Calling in sick to work makes me uncomfortable because no matter how
legitimate my illness, I always sense my boss thinks I am lying. On one
occasion, I had a valid reason but lied anyway because the truth was too
humiliating to reveal.
I simply mentioned that I had sustained a head injury and I hoped I would
feel up to coming in the next day. By then, I could think up a doozy to
explain the bandage on my crown.
In this case, the truth hurt. I mean it really hurt in the place men feel
the most pain. The accident occurred mainly because I conceded to my wife's
wishes to adopt a cute little kitty.
As the daily routine prescribes, I was taking my shower after breakfast
when I heard my wife, Deb, call out to me from the kitchen. "Ed!" she
hearkened,"The garbage disposal is dead. Come reset it."
"You know where the button is." I protested through the shower
(pitter-patter). "Reset it yourself!"
"I'm scared!" She pleaded. "What if it starts going and sucks me in?" . . .
.Pause. . . . . "C'mon, it'll only take a second."
No logical assurance about how a disposal can't start itself will calm the
fears of a person who suffers from "Big-ol-scary-machinephobia," a
condition brought on by watching too many Stephen King movies.
It is futile to argue or explain, kind of like telling Lloyd Bentsen
Americans are over-taxed. And if a poltergeist did, in fact, possess the
disposal, and she was ground into round, I'd have to live with that the
rest of my life.
So out I came, dripping wet and buck naked, hoping to make a statement
about how her cowardly behavior was not without consequence but it was I
who would suffer.
I crouched down and stuck my head under the sink to find the button. It is
the last action I remember performing. It struck without warning, without
respect to my circumstances. Nay, it wasn't a hexed disposal, drawing me
into its gnashing metal teeth. it was our new kitty, clawing playfully at
the dangling objects she spied between my legs.

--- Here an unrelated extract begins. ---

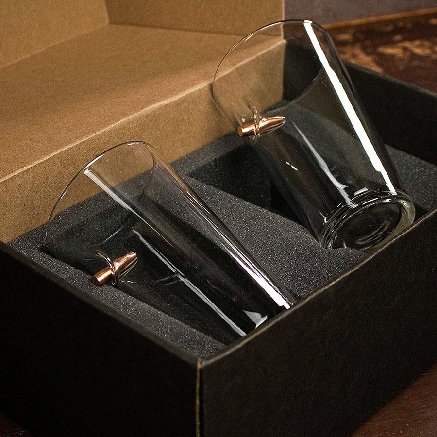 This 16oz pint glass is hand-embedded with a real, lead-free, solid copper 0.50 BMG bullet.

She ("Buttons" aka "the Grater") had been poised around the corner and
stalked me as I took the bait under the sink. At precisely the second I was
most vulnerable, she leapt at the toys I unwittingly offered and snagged
them with her needle-like claws.
Now when men feel pain or even sense danger anywhere close to their
masculine region, they lose all rational thought to control orderly bodily
movements. Instinctively, their nerves compel the body to contort inwardly,
while rising upwardly at a violent rate of speed.
Not even a well trained monk could calmly stand with his groin supporting
the full weight of a kitten and rectify the situation in a step-by-step
procedure. Wild animals are sometimes faced with a "fight or flight"
syndrome; men, in this predicament, choose only the "flight" option.
Fleeing straight up, I knew at that moment how a cat feels when it is
alarmed. It was a dismal irony. But, whereas cats seek great heights to
escape, I never made it that far. The sink and cabinet bluntly impeded my
ascent; the impact knocked me out cold.
When I awoke, my wife and the paramedics stood over me. Having been fully
briefed by my wife, the paramedics snorted as they tried to conduct their
work while suppressing their hysterical laughter. My wife told me I should
be flattered.
At the office, colleagues tried to coax an explanation out of me. I kept
silent, claiming it was too painful to talk. "What's the matter, cat got
your tongue?"
If they had only known.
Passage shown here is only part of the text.